_What you have to do_
Your copy should repeat each record exactly and contain none of the pictures.

_Supplied material_
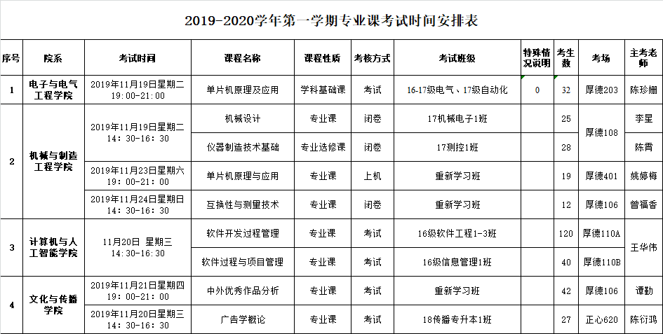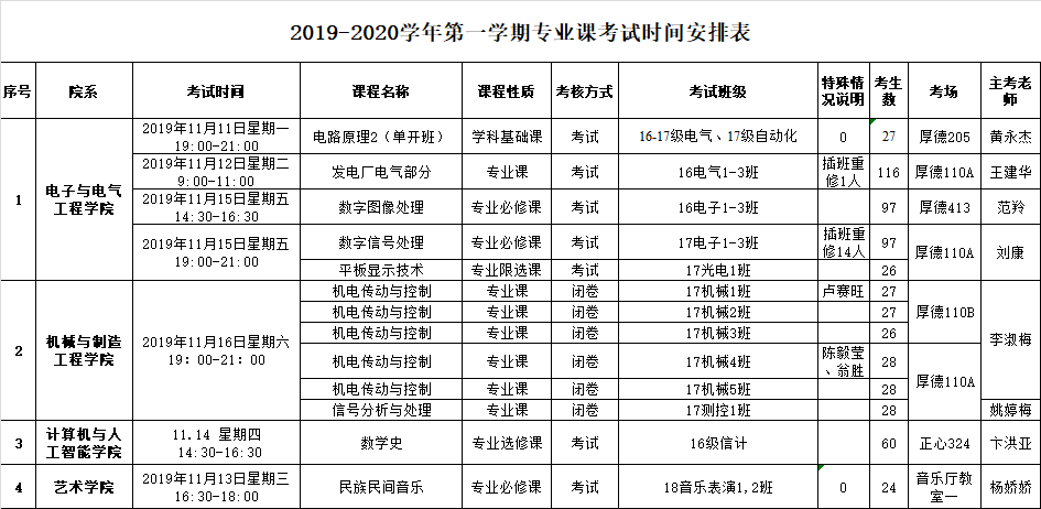 2019-2020学年第一学期第十一周专业课考试时间安排表
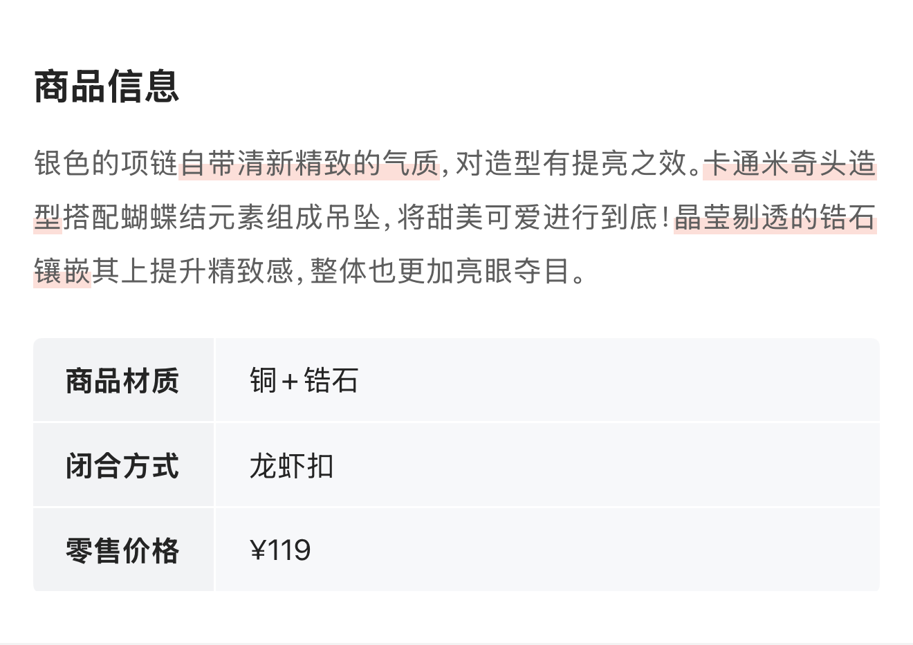 HAYES 米奇头造型锆石项链 6710
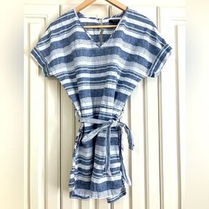 Women’s Madewell Perimeter Linen Stripe V-neck Romper Tie Waist XS
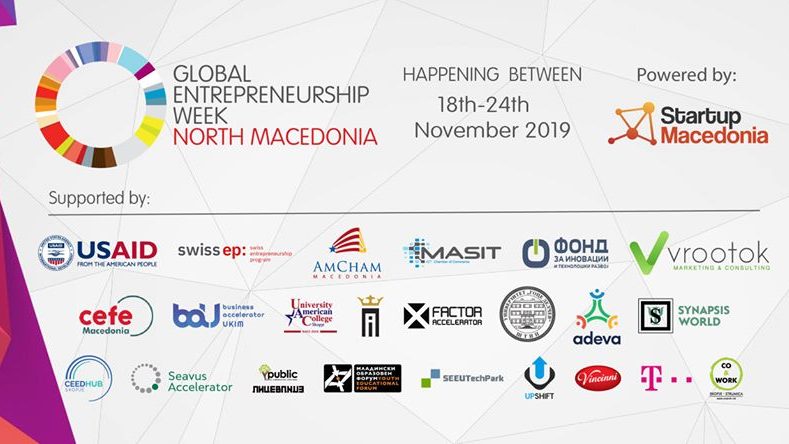 Глобалната недела на претприемништво Северна Македонија ќе се одржи од 18 до 24 ноември во Скопје, Велес, Битола, Дебар и Тетово, по ангажманот на 17 партнери меѓу кои: USAID и Swiss EP во партнерство со Startup Macedoniа, American Chambers Macedonia, MASIT, CEFE Macedonia, Бизнис Акцелератор УКИМ, University American College Skopje, Alumni Association of Ivanov School of Young Leaders, X Factor Акцелератор од Велес, Synapsis World, CEED Hub Скопје, Seavus Accelerator, „Лице в лице“, Youth Educational Forum, SEE Tech Park Tetovo, Vrootok и Upsihift како функционални партнери и Македонски Телеком АД Скопје и Винчини, како поддржувачи на неделата и MK Startups Space.
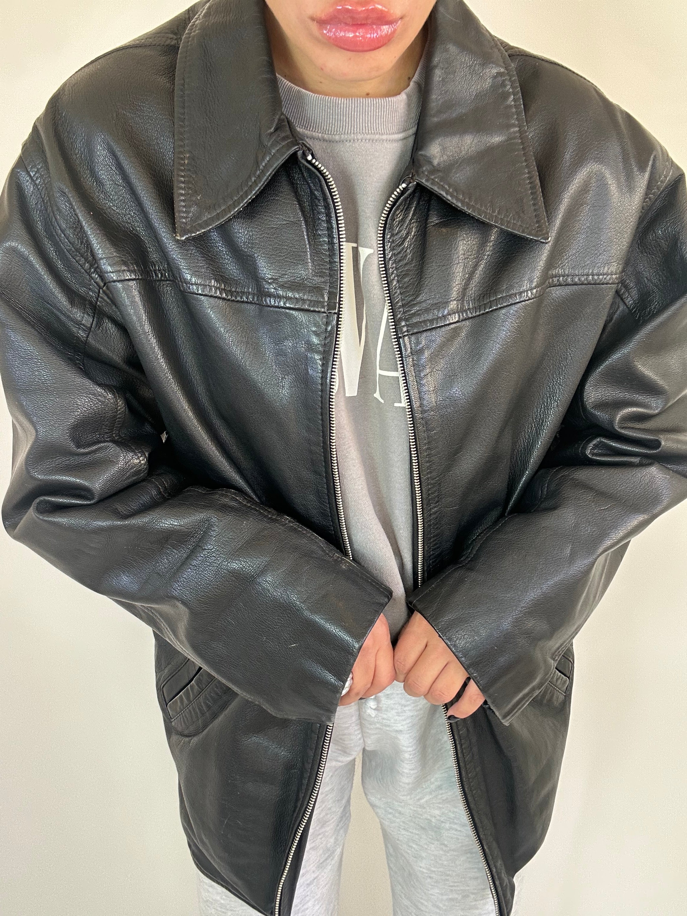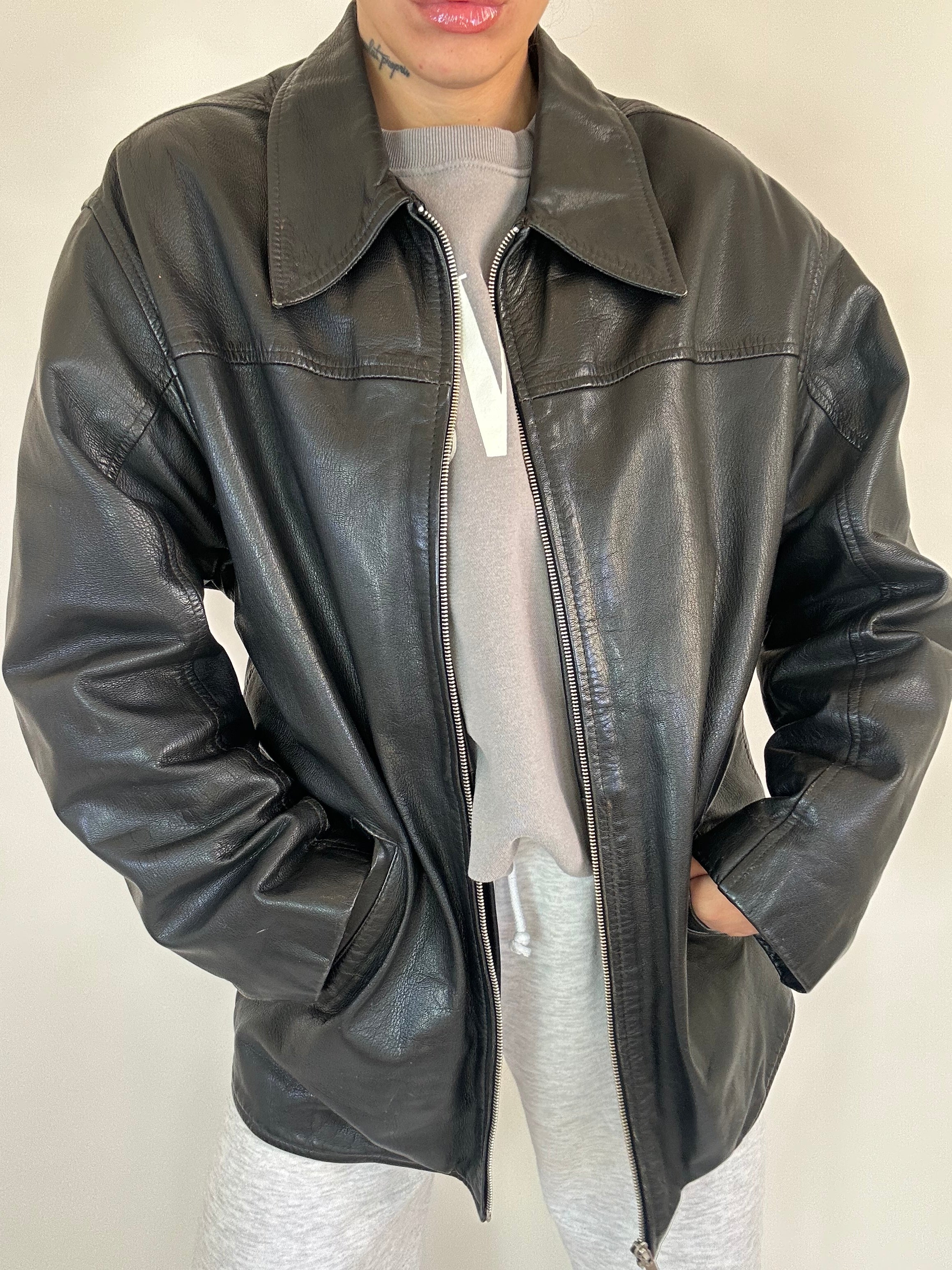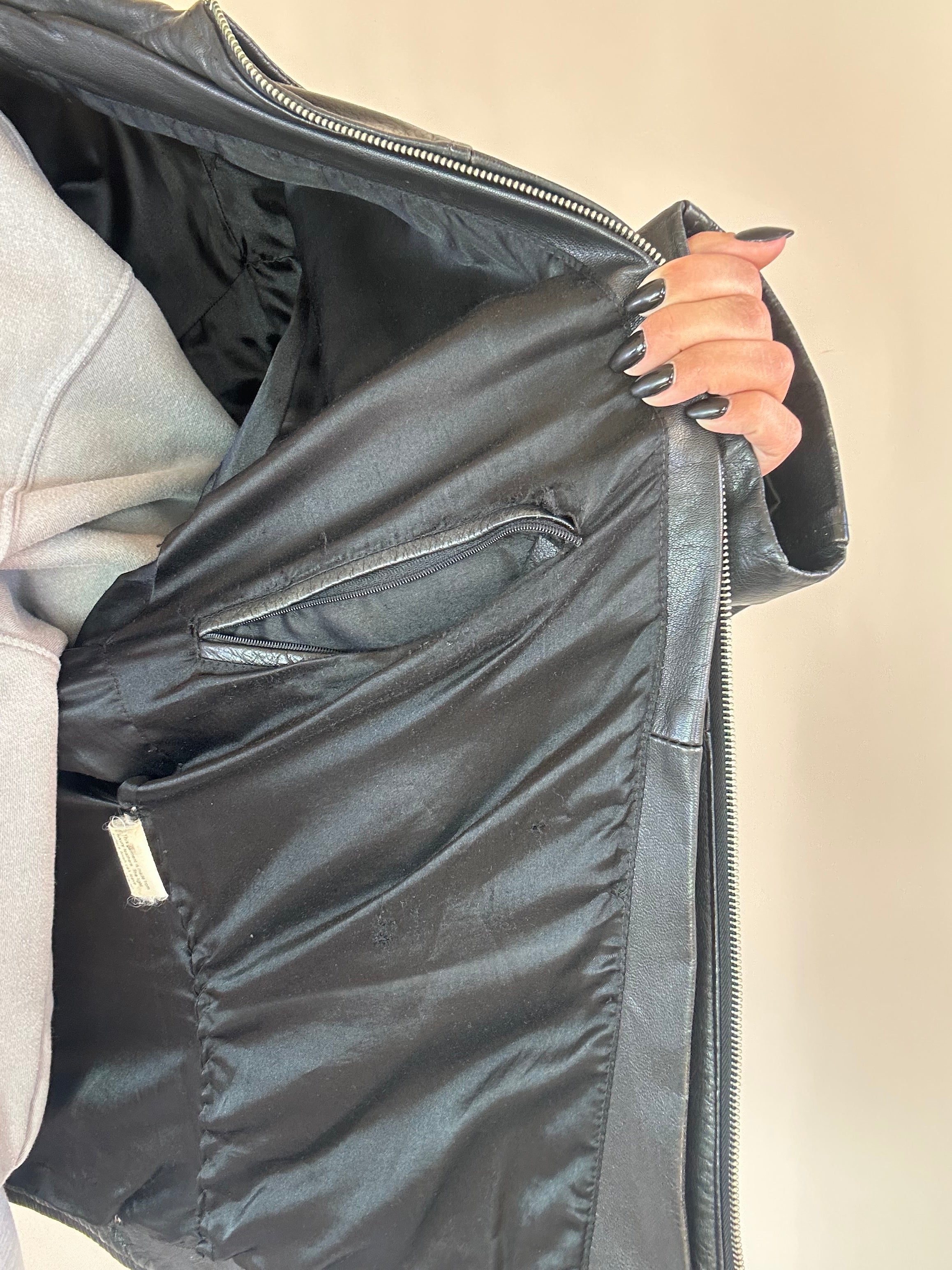 Bomber vera pelle nero taglia XL  Spalla a Spalla: 54cm  Lunghezza totale: 76cm  Taglia Modello\a:  42IT x 1,70

_Your solution_
 2019-2020学年第一学期第十一周专业课考试时间安排表
 HAYES 米奇头造型锆石项链 6710
 Women’s Madewell Perimeter Linen Stripe V-neck Romper Tie Waist XS
 Глобалната недела на претприемништво Северна Македонија ќе се одржи од 18 до 24 ноември во Скопје, Велес, Битола, Дебар и Тетово, по ангажманот на 17 партнери меѓу кои: USAID и Swiss EP во партнерство со Startup Macedoniа, American Chambers Macedonia, MASIT, CEFE Macedonia, Бизнис Акцелератор УКИМ, University American College Skopje, Alumni Association of Ivanov School of Young Leaders, X Factor Акцелератор од Велес, Synapsis World, CEED Hub Скопје, Seavus Accelerator, „Лице в лице“, Youth Educational Forum, SEE Tech Park Tetovo, Vrootok и Upsihift како функционални партнери и Македонски Телеком АД Скопје и Винчини, како поддржувачи на неделата и MK Startups Space.
 Bomber vera pelle nero taglia XL  Spalla a Spalla: 54cm  Lunghezza totale: 76cm  Taglia Modello\a:  42IT x 1,70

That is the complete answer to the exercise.